Therefore, instead of “only” publishing to this GitHub repository (as done in section
YODA-compliant data analysis projects), in order to also publish annex contents, we made
publishing to GitHub dependent on the dropbox-for-friends
sibling
(that has a remote data annex), so that annexed contents are published
there first.
Publication dependencies are strictly local configuration
Note that the publication dependency is only established for your own dataset,
it is not shared with clones of the dataset. Internally, this configuration
is a key value pair in the section of your remote in .git/config
:
[remote "github"]
annex-ignore = true
url = https://github.com/<user-name>/DataLad-101.git
fetch = +refs/heads/*:refs/remotes/github/*
datalad-publish-depends = dropbox-for-friends
With this setup, we can publish the dataset to GitHub.
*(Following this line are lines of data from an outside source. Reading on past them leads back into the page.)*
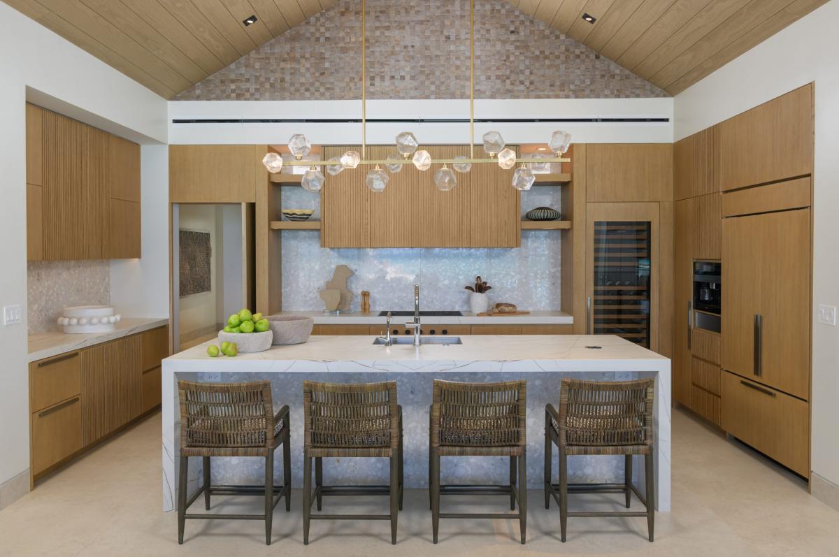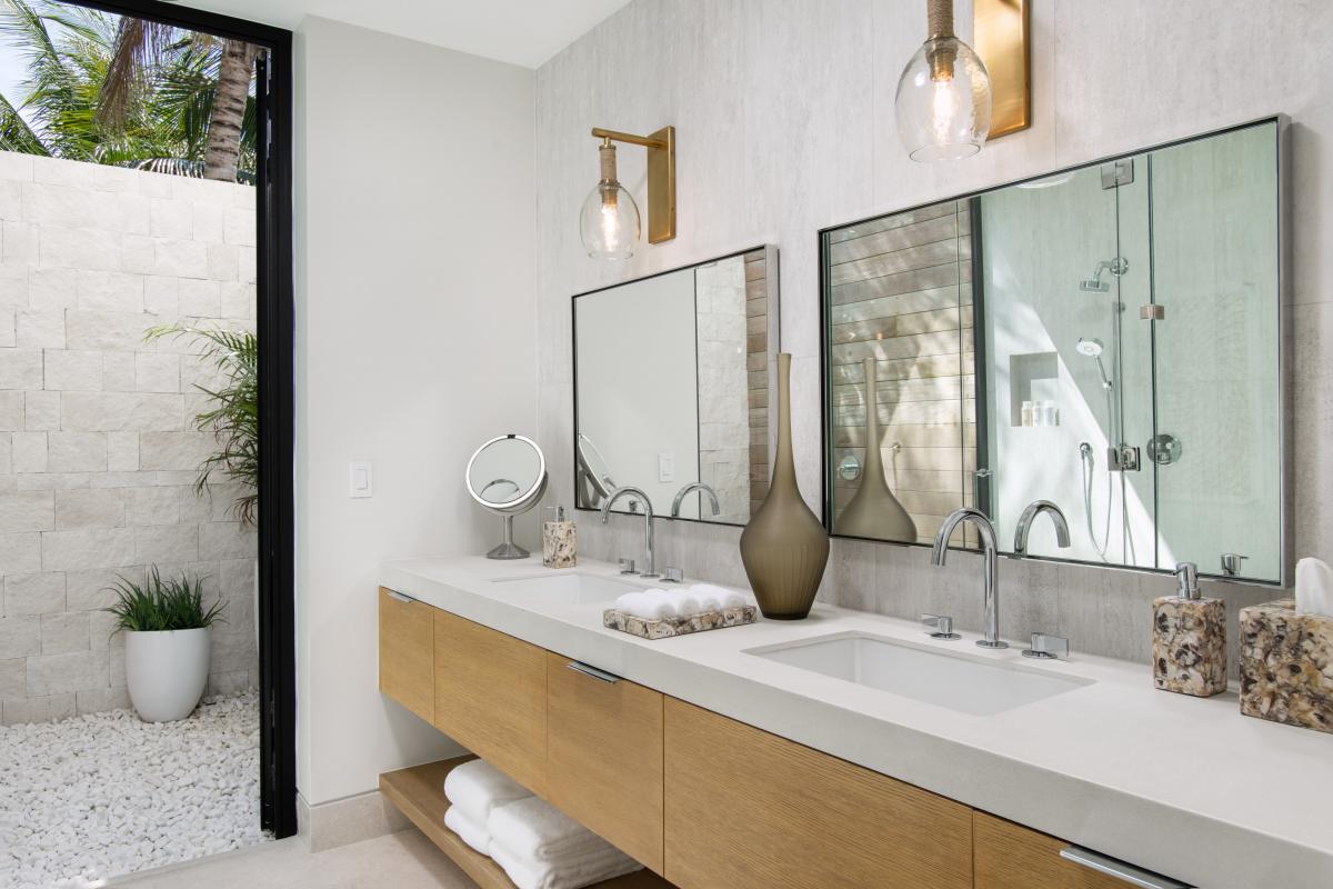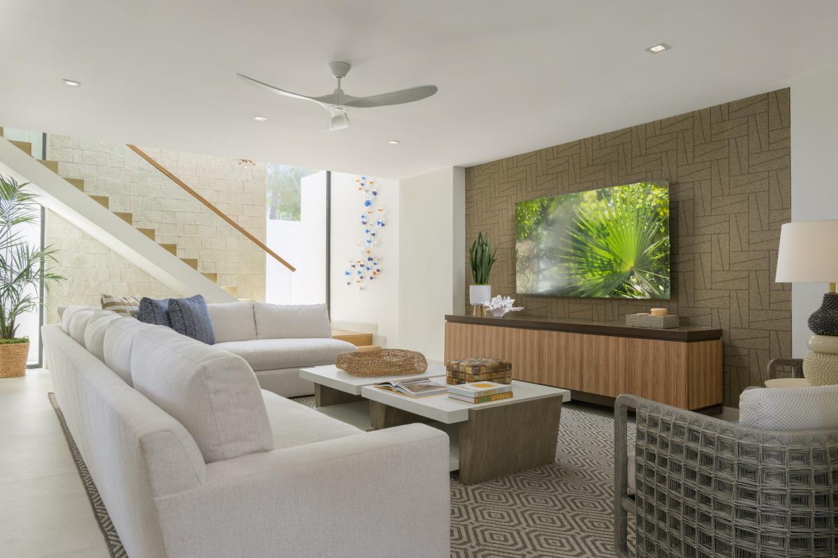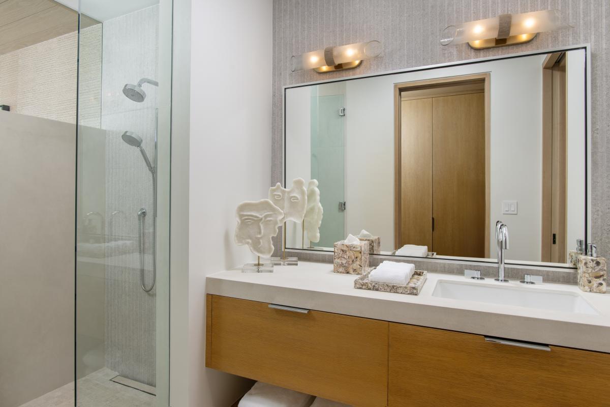 Just steps above the white sands, the expansive terrace is the heart of outdoor living, centered around an oversized infinity-edge pool with a tanning ledge, hot tub, and daybeds perfect for lounging under the Caribbean sun. Guests can dine alfresco, unwind by the firepit, or enjoy evening games on the floodlit pickleball and half-basketball court. Despite its proximity to the beach, the property offers a feeling of complete seclusion, enhanced by thoughtful design that maximizes both comfort and style.
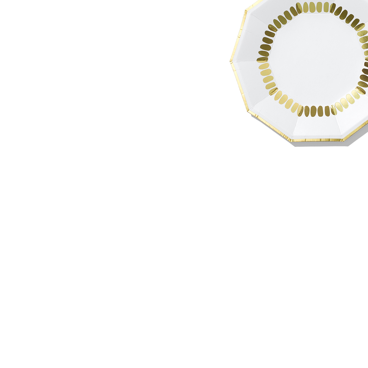 Equal parts decadent and minimalist, these glittery small plates pair white and gold to unforgettable effect. Includes 10 plates.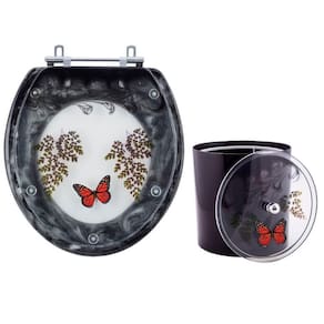 Tampa de Vaso e Lixeira Decorada Preto com Borboleta Vermelha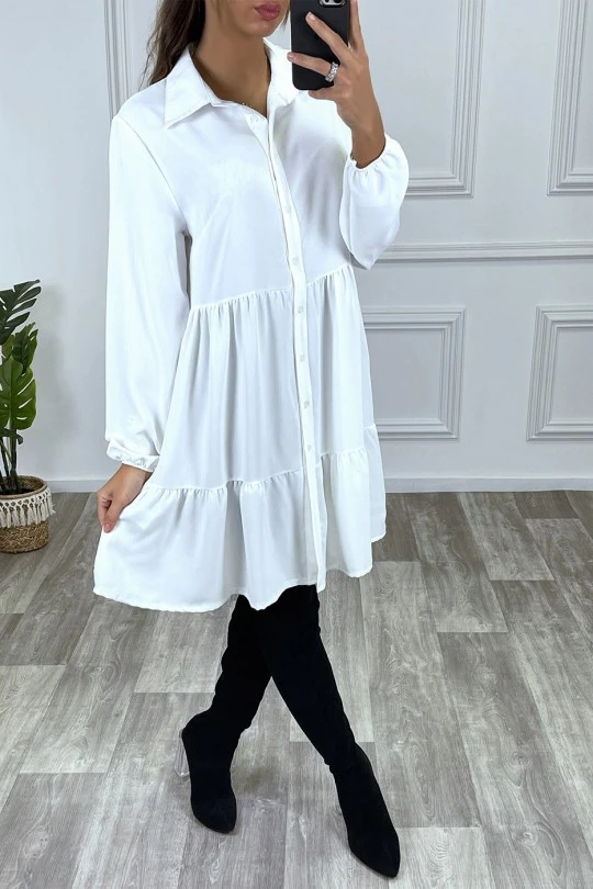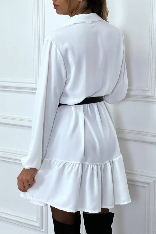 Robe chemise blanche à volant et boutons, froncé sur 2 endroits et manches longues en voilage vendu sans la ceinture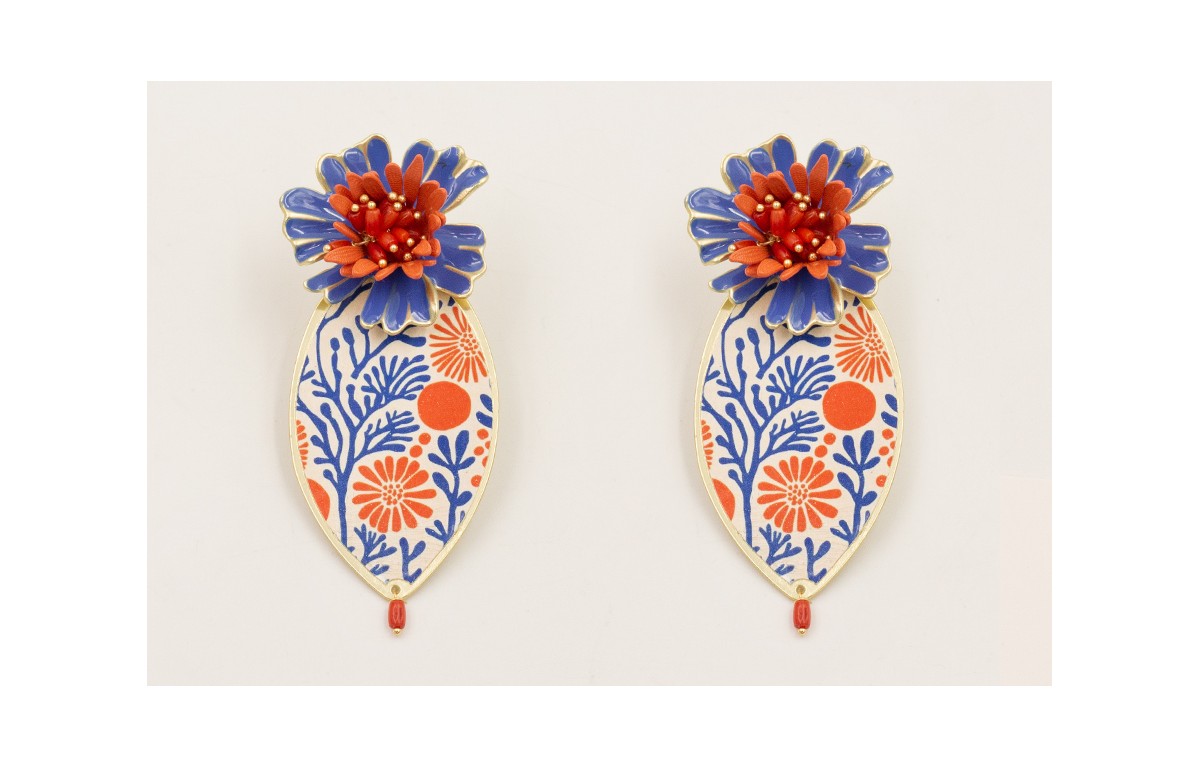 Pendientes pieza ovalada estamapada corales rojos y azulones, perno flors esmaltada azulona con burruño coralitos.
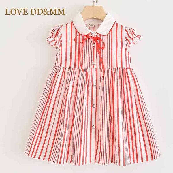 girls clothing dresses girl fashion lapel vertical striped short-sleeved dress for girl 3-8 years 210715, Red;yellow

Note how the publication dependency is served first:
$ datalad push --to github
[INFO ] Transferring data to configured publication dependency: 'dropbox-for-friends'
[INFO ] Publishing <Dataset path=/home/me/dl-101/DataLad-101> data to dropbox-for-friends
publish(ok): books/TLCL.pdf (file)
publish(ok): books/byte-of-python.pdf (file)
publish(ok): books/progit.pdf (file)
publish(ok): recordings/interval_logo_small.jpg (file)
publish(ok): recordings/salt_logo_small.jpg (file)
[INFO ] Publishing to configured dependency: 'dropbox-for-friends'
[INFO ] Publishing <Dataset path=/home/me/dl-101/DataLad-101> data to dropbox-for-friends
[INFO ] Publishing <Dataset path=/home/me/dl-101/DataLad-101> to github
Username for 'https://github.com': <user-name>
Password for 'https://<user-name>@github.com':
publish(ok): . (dataset) [pushed to github: ['[new branch]', '[new branch]']]
action summary:
publish (ok: 6)
Afterwards, your dataset can be found on GitHub, and cloned
or installed
.